• **ASSIGNED TASK**
Once you find the line below that has "Actualizada con mangas", output it and every line after it exactly, stopping after the line that has "H. Siats: Anleitung", with no pictures.

• **RECORDS PROVIDED**
▼

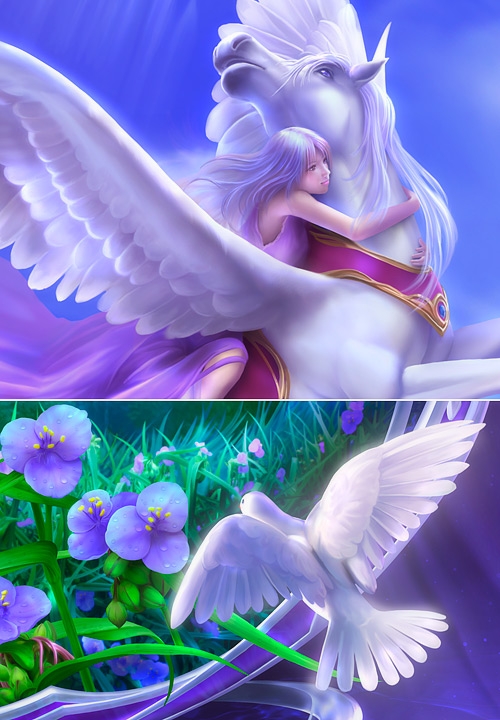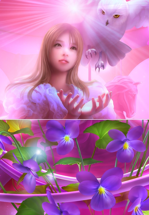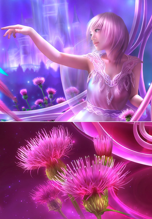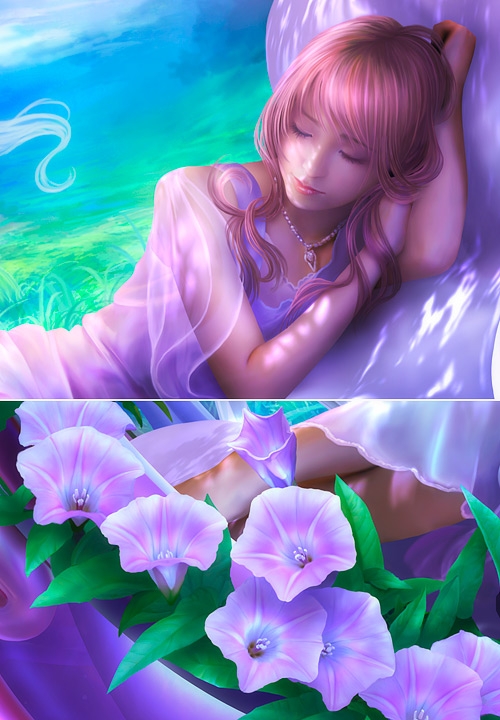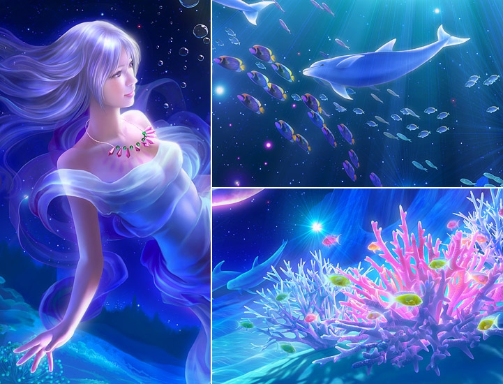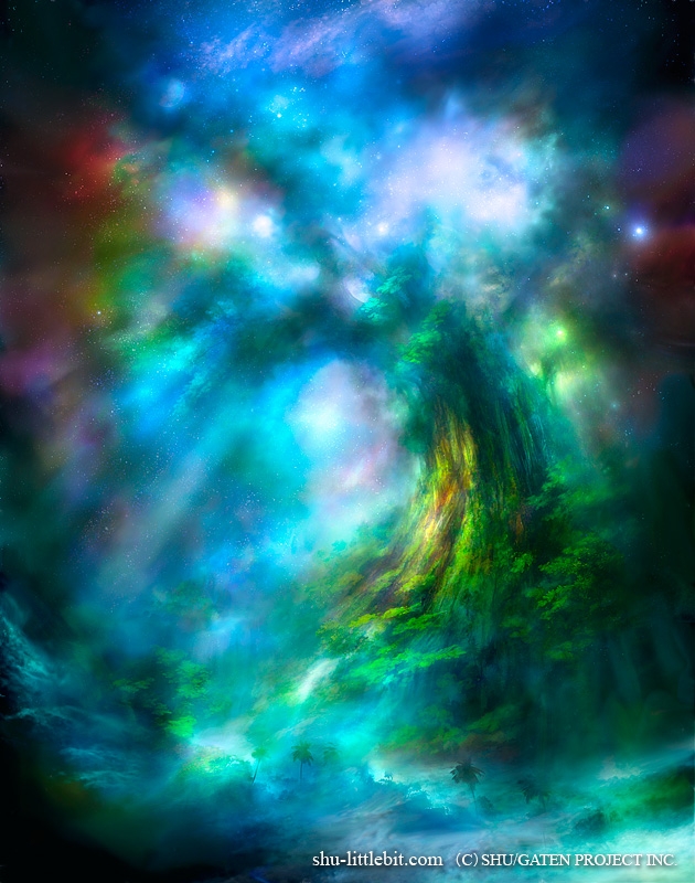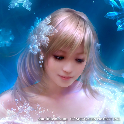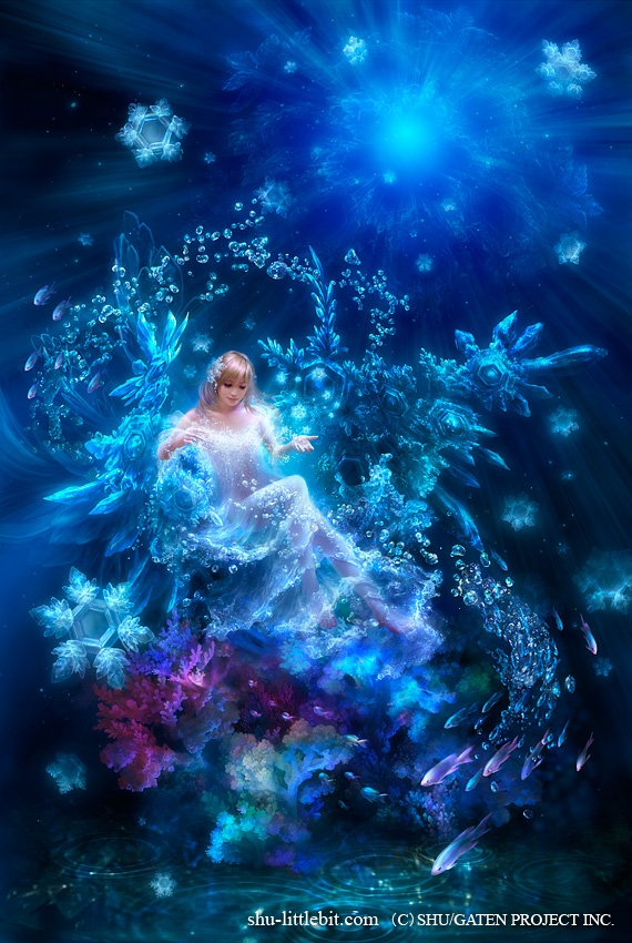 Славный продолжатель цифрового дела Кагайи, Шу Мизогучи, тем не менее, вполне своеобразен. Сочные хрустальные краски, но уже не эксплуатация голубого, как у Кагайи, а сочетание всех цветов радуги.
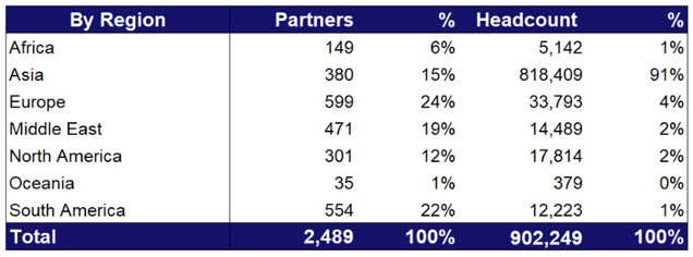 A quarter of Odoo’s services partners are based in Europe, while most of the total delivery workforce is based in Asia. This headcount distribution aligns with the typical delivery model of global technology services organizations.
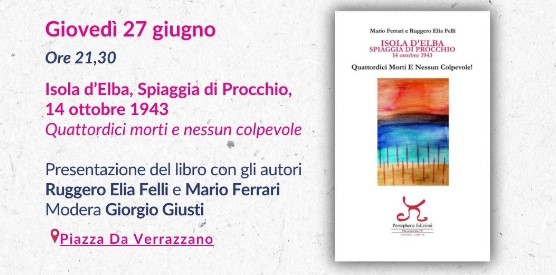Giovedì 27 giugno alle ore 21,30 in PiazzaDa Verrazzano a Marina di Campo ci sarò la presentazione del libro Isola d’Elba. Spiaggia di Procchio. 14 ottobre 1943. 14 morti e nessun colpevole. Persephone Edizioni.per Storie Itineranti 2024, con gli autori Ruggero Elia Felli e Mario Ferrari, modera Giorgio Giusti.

▲
▼

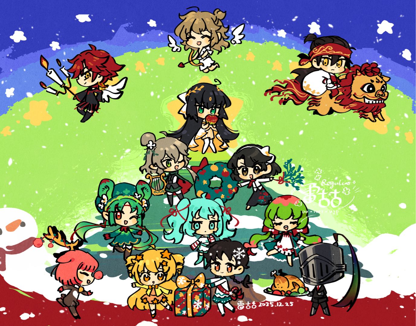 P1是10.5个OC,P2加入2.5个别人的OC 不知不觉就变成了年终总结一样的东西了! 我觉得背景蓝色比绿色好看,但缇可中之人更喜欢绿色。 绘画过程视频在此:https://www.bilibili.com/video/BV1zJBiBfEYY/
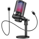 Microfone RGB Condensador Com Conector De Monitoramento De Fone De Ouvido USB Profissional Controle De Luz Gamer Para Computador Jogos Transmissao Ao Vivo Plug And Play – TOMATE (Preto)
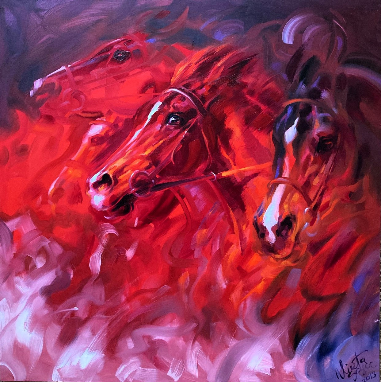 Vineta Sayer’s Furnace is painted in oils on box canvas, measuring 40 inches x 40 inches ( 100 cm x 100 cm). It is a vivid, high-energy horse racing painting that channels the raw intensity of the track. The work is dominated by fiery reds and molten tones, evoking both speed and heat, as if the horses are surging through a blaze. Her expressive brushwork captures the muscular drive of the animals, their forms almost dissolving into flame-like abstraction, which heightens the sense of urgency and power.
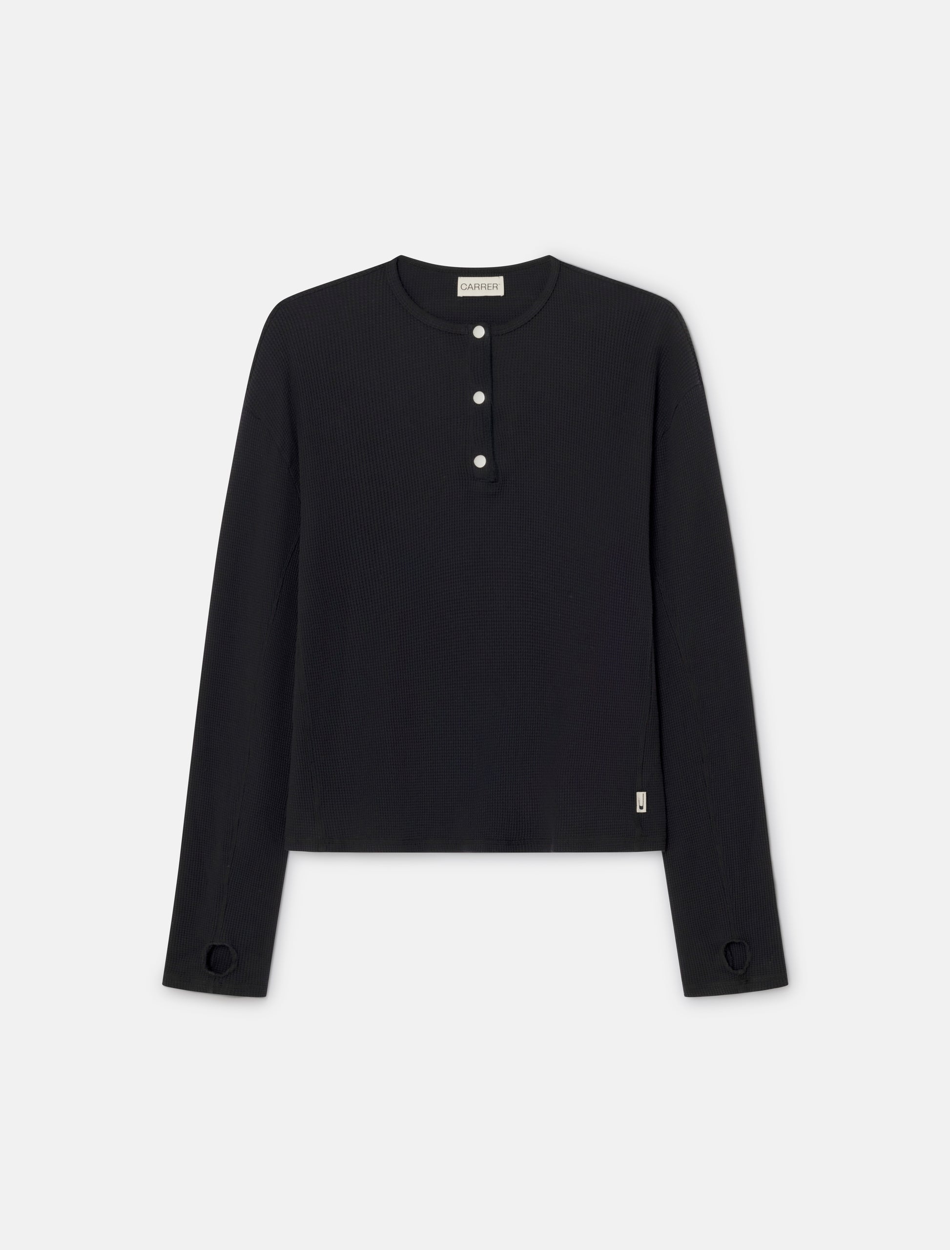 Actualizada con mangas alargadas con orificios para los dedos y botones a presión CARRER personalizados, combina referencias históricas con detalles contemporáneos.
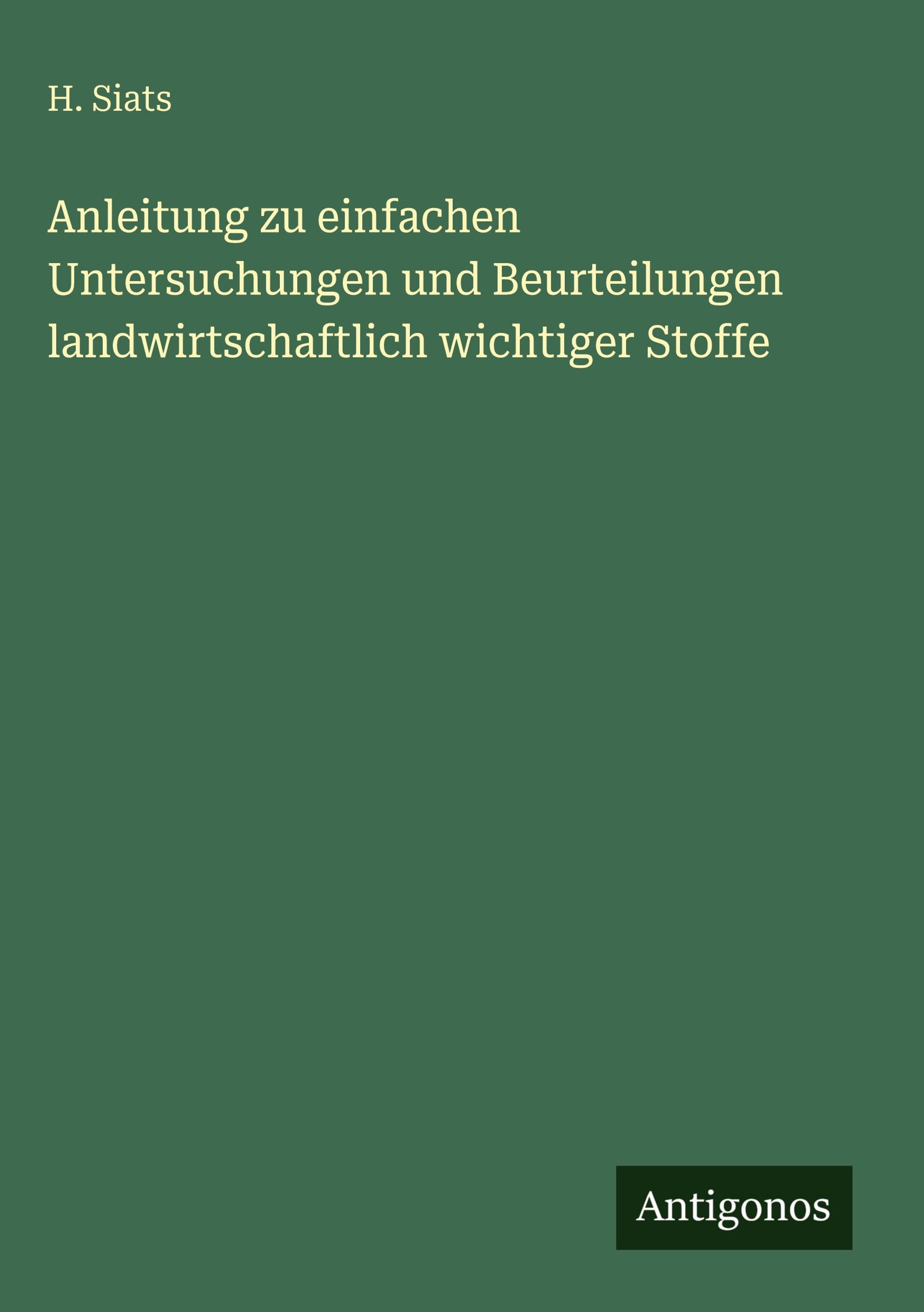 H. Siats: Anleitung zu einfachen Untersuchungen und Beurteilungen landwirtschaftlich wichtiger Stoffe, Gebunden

▲
▼

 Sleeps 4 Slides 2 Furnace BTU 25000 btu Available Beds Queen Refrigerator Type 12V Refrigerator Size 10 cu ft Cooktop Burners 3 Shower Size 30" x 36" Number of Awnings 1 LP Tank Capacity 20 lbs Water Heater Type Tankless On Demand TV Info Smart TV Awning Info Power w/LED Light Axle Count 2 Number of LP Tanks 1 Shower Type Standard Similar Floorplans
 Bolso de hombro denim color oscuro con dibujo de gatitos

▲

• **FINISHED TASK**
 Actualizada con mangas alargadas con orificios para los dedos y botones a presión CARRER personalizados, combina referencias históricas con detalles contemporáneos.
 H. Siats: Anleitung zu einfachen Untersuchungen und Beurteilungen landwirtschaftlich wichtiger Stoffe, Gebunden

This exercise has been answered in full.